**THE TASK:** Pictures within the data are to be left out; everything else must be reproduced exactly.

**RAW DATA:**
*** Block opens ***

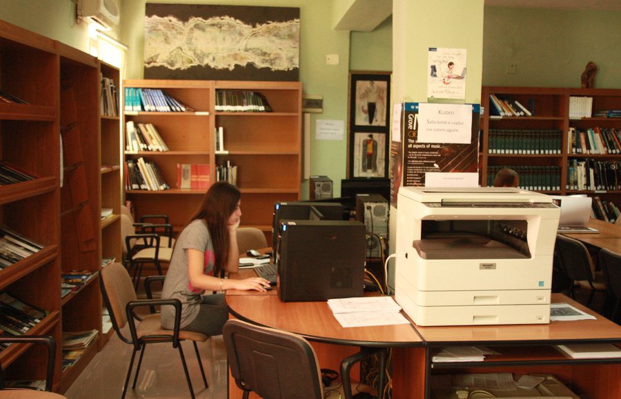Salla me fond të hapur e Bibliotekës Shkencore të Universitetit të Arteve është komode dhe është në shërbim të plotë të studenteve, pedagogëve, e studiuesve të artit çdo ditë të javës, nga ora 8:00 - 19:00. Në kompjuterat e saj jane instaluar programe specifike per disiplinat e studimit, ku studentët studiojne dhe pregatisin detyrat e tyre. Stacionet kompjuterike disponojne akses ne internet. Gjithashtu salla ofron shërbimin e printimit me ngjyra dhe shërbimin e fotokopjes.
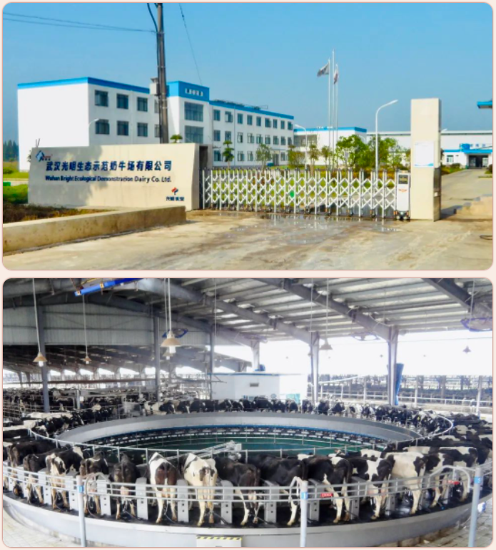 武汉光明生态示范奶牛场(光明牧业武汉牧场)坐落在武汉市东西湖区辛安渡农场内,于2014年10月开始陆续投产,目前存栏约3050头。武汉牧场先后荣获“中国良好农业规范认证证书”“国家奶业科技创新联盟奶源示范基地”“优质乳工程示范牧场”,是一个以“高产、高效、优质、生态”为目标,在技术、管理、产量、质量上均为一流的标准现代化示范牧场。
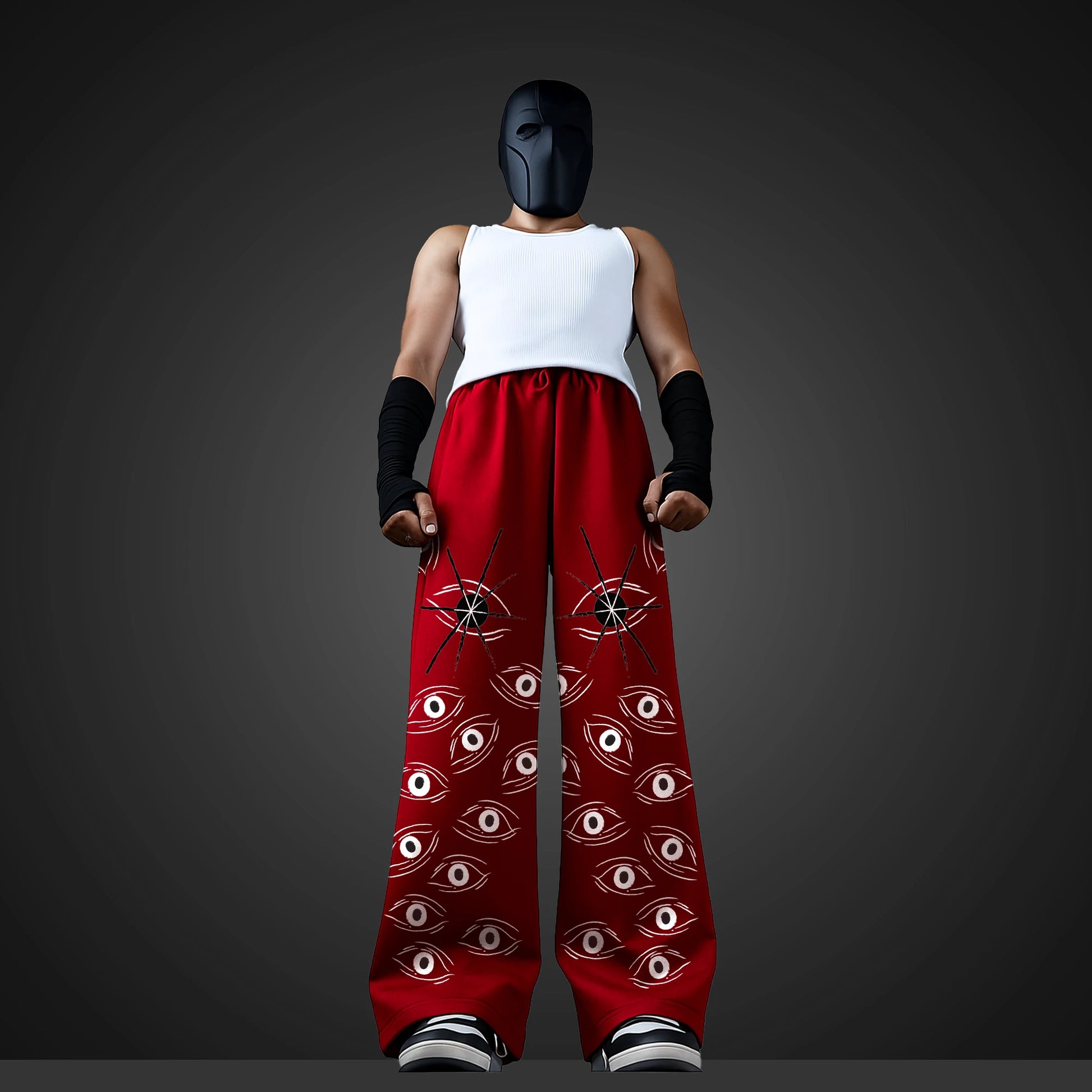 These wide-leg sweatpants feature a bold all-over eye graphic print, accented with striking red laser details that command attention. Designed for maximum comfort with a relaxed silhouette, elastic waistband, and premium fabric, they’re perfect for streetwear fits, studio sessions, or just owning the room.

*** Block closes ***

**REPLY TO THE EXERCISE:**
Salla me fond të hapur e Bibliotekës Shkencore të Universitetit të Arteve është komode dhe është në shërbim të plotë të studenteve, pedagogëve, e studiuesve të artit çdo ditë të javës, nga ora 8:00 - 19:00. Në kompjuterat e saj jane instaluar programe specifike per disiplinat e studimit, ku studentët studiojne dhe pregatisin detyrat e tyre. Stacionet kompjuterike disponojne akses ne internet. Gjithashtu salla ofron shërbimin e printimit me ngjyra dhe shërbimin e fotokopjes.
 武汉光明生态示范奶牛场(光明牧业武汉牧场)坐落在武汉市东西湖区辛安渡农场内,于2014年10月开始陆续投产,目前存栏约3050头。武汉牧场先后荣获“中国良好农业规范认证证书”“国家奶业科技创新联盟奶源示范基地”“优质乳工程示范牧场”,是一个以“高产、高效、优质、生态”为目标,在技术、管理、产量、质量上均为一流的标准现代化示范牧场。
 These wide-leg sweatpants feature a bold all-over eye graphic print, accented with striking red laser details that command attention. Designed for maximum comfort with a relaxed silhouette, elastic waistband, and premium fabric, they’re perfect for streetwear fits, studio sessions, or just owning the room.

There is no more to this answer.